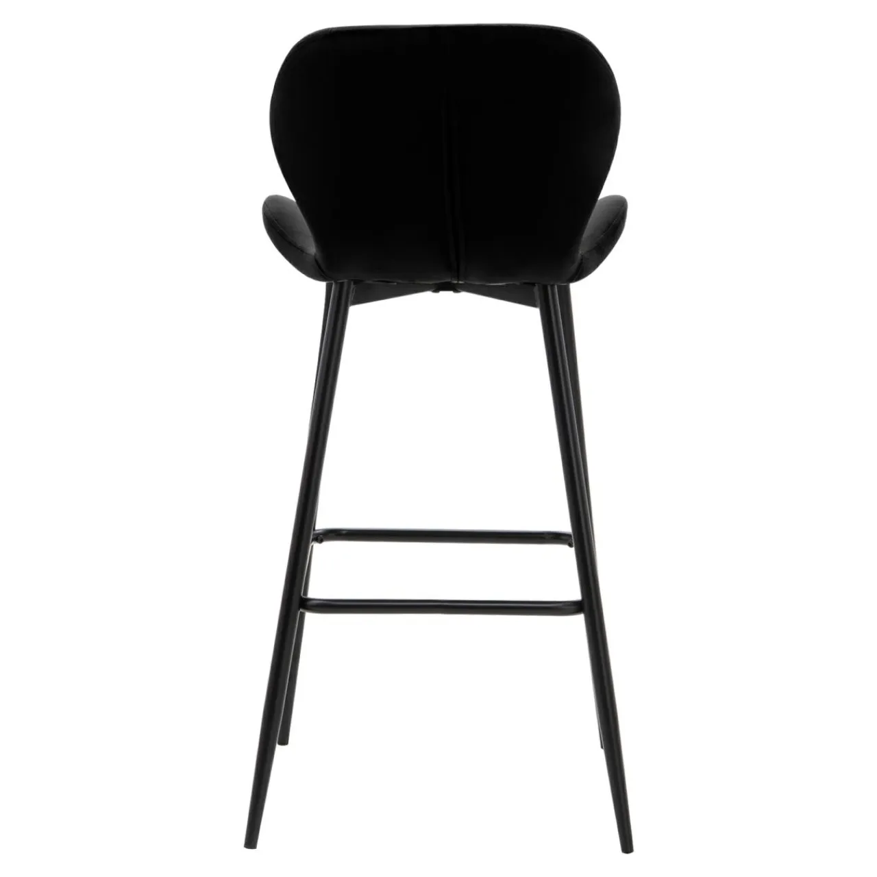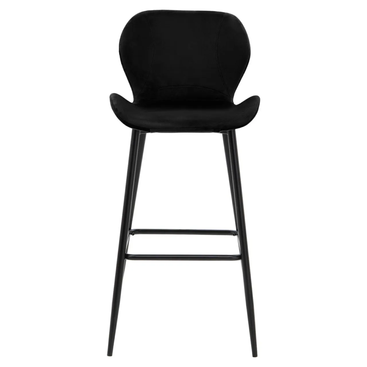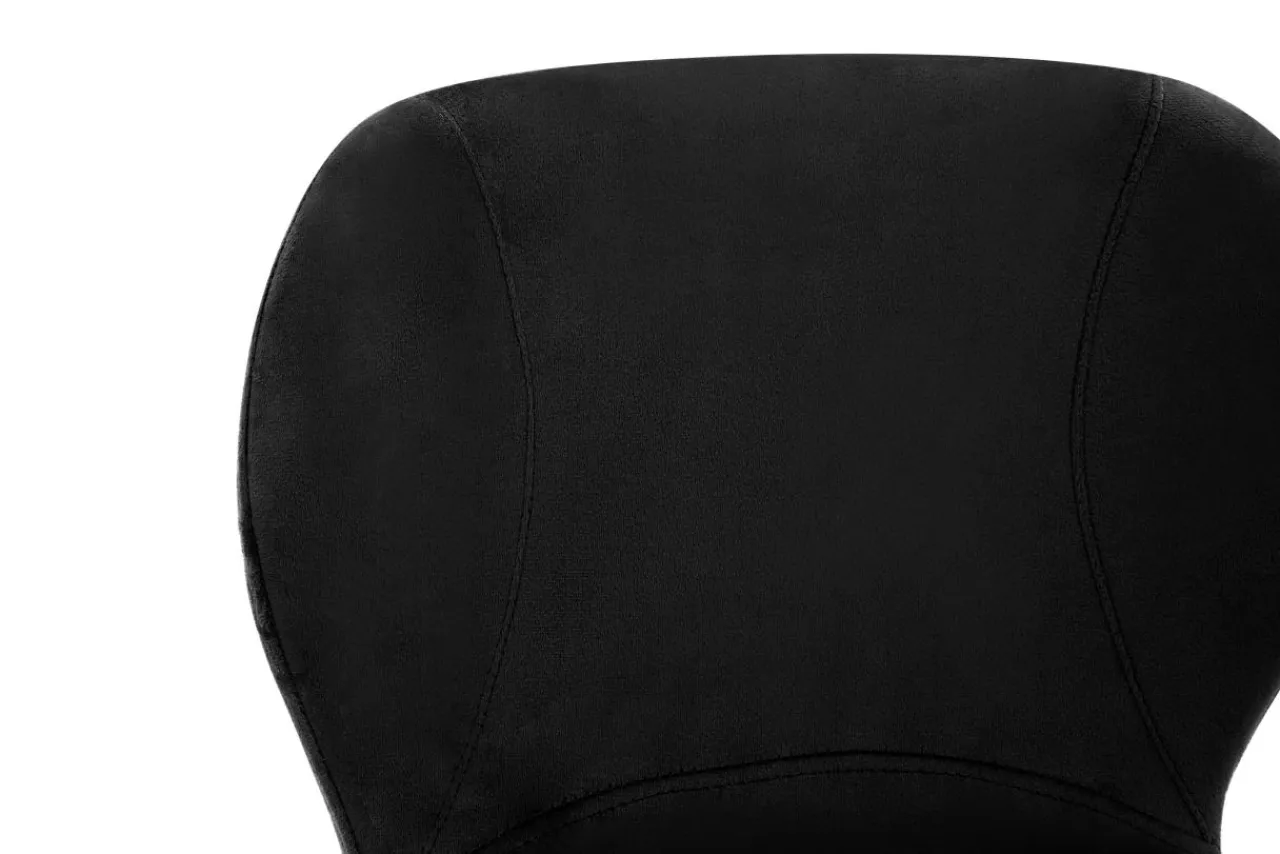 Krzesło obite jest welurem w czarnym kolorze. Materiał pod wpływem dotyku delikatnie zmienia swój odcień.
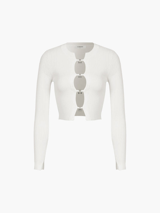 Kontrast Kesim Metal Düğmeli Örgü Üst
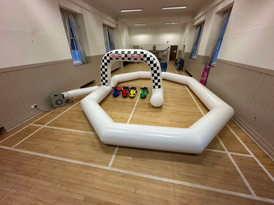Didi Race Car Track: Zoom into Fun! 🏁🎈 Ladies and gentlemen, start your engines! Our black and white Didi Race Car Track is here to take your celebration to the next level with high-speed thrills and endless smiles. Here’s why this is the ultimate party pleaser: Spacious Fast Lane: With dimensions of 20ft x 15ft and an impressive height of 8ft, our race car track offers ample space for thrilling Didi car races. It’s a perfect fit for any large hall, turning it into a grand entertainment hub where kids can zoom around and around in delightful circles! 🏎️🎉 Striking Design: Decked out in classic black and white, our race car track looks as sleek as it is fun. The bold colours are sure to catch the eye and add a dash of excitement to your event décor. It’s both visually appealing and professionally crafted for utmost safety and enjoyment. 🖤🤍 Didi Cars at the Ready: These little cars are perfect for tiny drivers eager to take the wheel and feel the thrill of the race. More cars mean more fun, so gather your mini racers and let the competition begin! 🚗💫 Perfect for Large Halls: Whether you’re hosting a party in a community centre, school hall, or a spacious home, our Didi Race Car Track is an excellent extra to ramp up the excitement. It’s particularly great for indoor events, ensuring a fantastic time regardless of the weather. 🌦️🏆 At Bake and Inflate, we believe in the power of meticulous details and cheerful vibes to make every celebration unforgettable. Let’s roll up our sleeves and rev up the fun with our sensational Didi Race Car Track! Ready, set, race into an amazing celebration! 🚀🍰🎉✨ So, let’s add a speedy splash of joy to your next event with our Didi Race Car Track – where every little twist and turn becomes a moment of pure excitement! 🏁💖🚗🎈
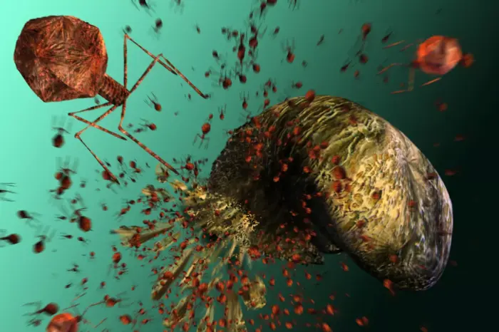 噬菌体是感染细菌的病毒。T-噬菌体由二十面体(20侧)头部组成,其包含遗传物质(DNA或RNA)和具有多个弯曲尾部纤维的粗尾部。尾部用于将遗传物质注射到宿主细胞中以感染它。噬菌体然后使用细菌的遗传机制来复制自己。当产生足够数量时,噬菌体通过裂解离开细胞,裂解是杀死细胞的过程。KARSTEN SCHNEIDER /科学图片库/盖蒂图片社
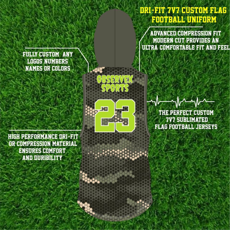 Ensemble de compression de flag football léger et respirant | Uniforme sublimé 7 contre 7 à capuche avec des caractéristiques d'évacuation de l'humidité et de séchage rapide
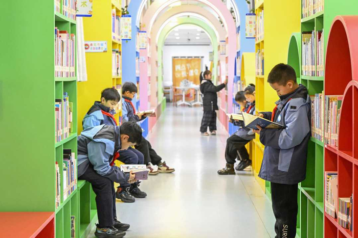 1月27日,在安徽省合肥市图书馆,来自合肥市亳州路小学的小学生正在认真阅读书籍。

--

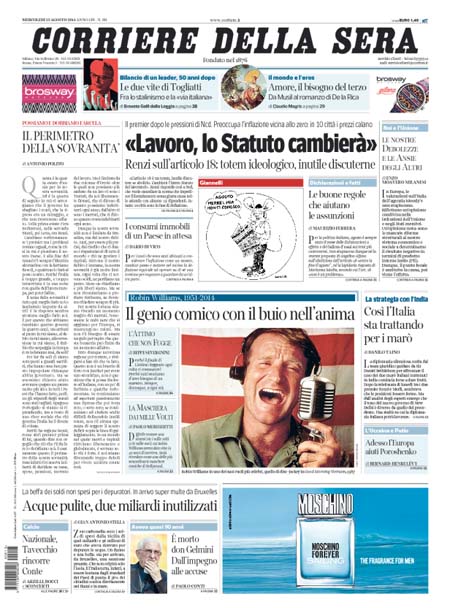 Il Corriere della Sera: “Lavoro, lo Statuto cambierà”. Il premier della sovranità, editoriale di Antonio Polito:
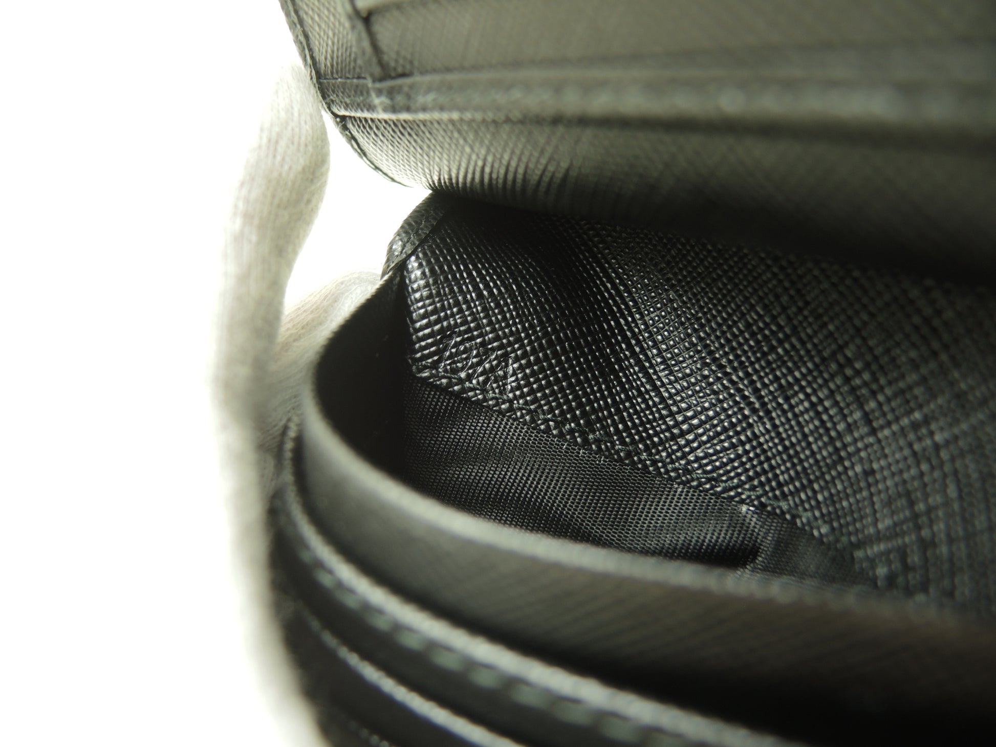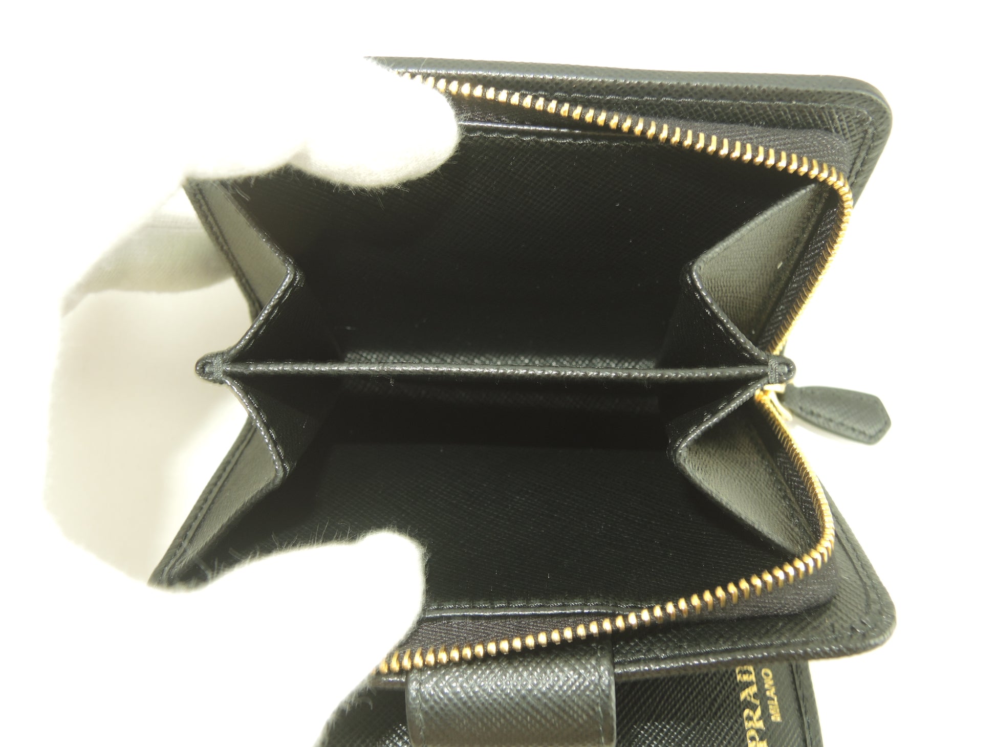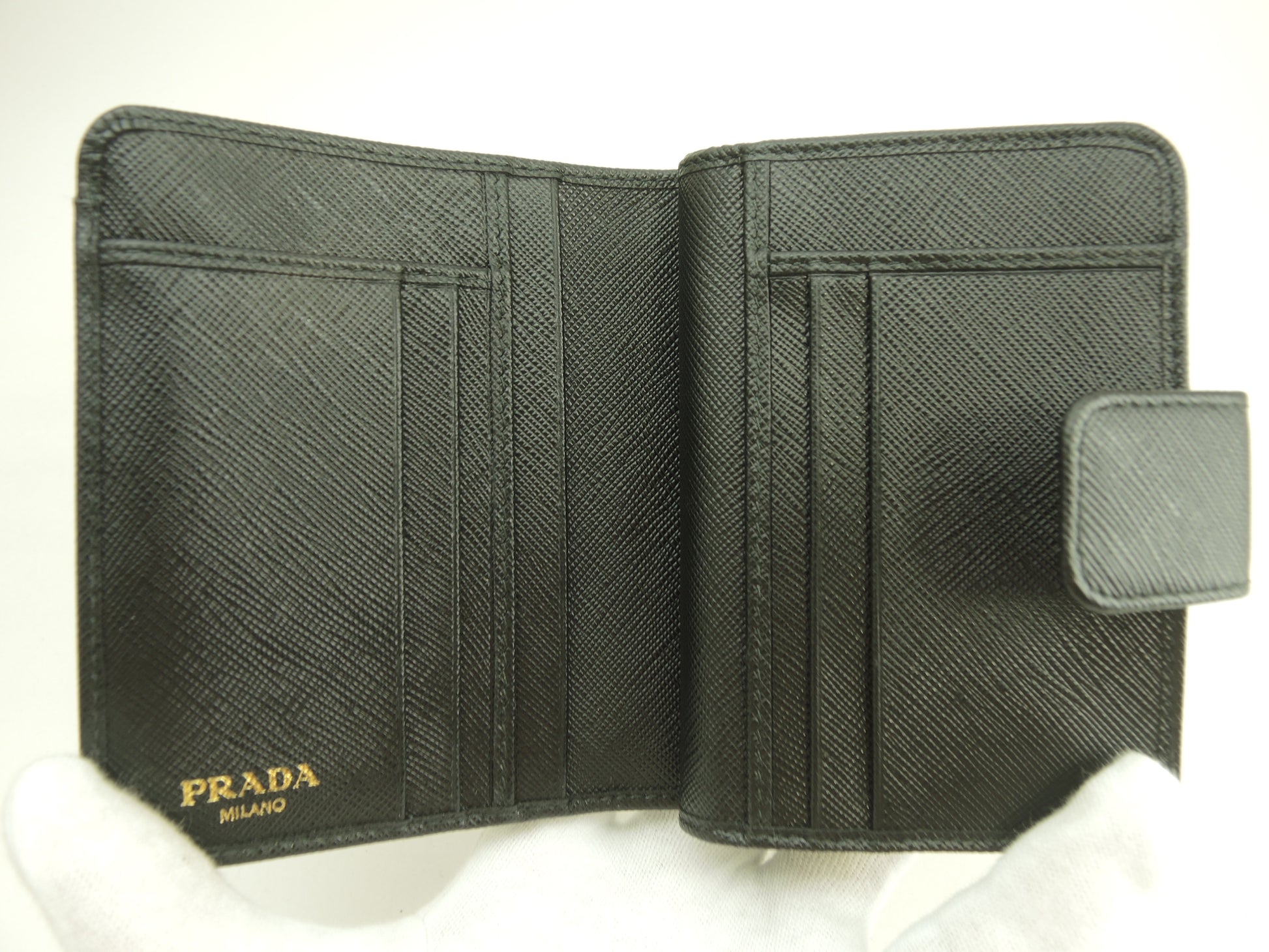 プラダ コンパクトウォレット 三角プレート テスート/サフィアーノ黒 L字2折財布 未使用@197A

→ **Your instructions**
Look through the listing above for the line with "Krzesło obite jest" and the line with "Kontrast Kesim Metal Düğmeli Örgü Üst". Write out exactly those lines and everything between, leaving out pictures.

→ **Result**
 Krzesło obite jest welurem w czarnym kolorze. Materiał pod wpływem dotyku delikatnie zmienia swój odcień.
 Kontrast Kesim Metal Düğmeli Örgü Üst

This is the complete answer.